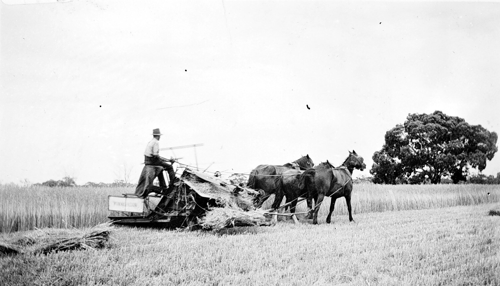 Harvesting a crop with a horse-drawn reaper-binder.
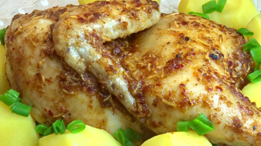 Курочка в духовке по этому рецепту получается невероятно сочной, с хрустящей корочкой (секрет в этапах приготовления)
...
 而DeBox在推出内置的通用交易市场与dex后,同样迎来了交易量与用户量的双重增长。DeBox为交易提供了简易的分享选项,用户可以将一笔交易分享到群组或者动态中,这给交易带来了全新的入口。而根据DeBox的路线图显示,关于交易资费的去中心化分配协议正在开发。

* **Task requirements**
Keep to the stretch from the line containing "Harvesting a crop" through the line containing "Курочка в духовке", both ends included, and copy it exactly from the listing above, minus the pictures.

* **Response area**
 Harvesting a crop with a horse-drawn reaper-binder.
 Курочка в духовке по этому рецепту получается невероятно сочной, с хрустящей корочкой (секрет в этапах приготовления)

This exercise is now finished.